Name | Type | Content |
---|---|---|
Neutral_Selection | Directory | A directory containing all the cluster of sequences that have undergone neutral selection event |
NonRecombination_files | Directory | A directory containing _results.csv : Recombination detection output file , _formatted.phy and _tree.nwk files needed to run codeml for each of the clusters where recombination is not detected |
Positive_Selection | Directory | A directory containing all the cluster of sequences that have undergone positive selection event |
Purifying_Selection | Directory | A directory containing all the cluster of sequences that have undergone negative selection event |
Recombination_Clusters | Directory | A directory containing _results.csv : Recombination detection output file for each of the clusters where recombination is detected |
concatenated_seq.aln | File | ClustalW format alignment file for all the core, non-redundant, non-recombinant sequences, joined end to end |
concatenated_seq.fas | File | FASTA format alignment file for all the core, non-redundant, non-recombinant sequences, joined end to end |
Pan_matrix.xlsx | File | CD-HIT output, gnerated in amtrix format such that each row represent Cluster number and each column represent each sample.

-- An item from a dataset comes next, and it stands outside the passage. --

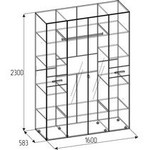 Материалы: ЛДСП 16 мм, кромка ПВХ 0,45/2 мм, задняя стенка ХДФО, зеркало 4 мм.

Background color of each row selected such that green represent ω >= 1,blue represent ω = 0, red represent ω < 1. Those without color are non-core/recombinant clusters |
RDP_error.tsv | File | Cluster numbers for which Recombination could not be detected because there were less than three unique sequences in the cluster |
Selection_table.tsv | File | A matrix with ω value for the clusters |
This project is licensed under the GNU GPLv3 License. See the LICENSE file for details.
This README file includes more detailed instructions for installation and usage, and it ensures that the content is well-organized and easy to follow.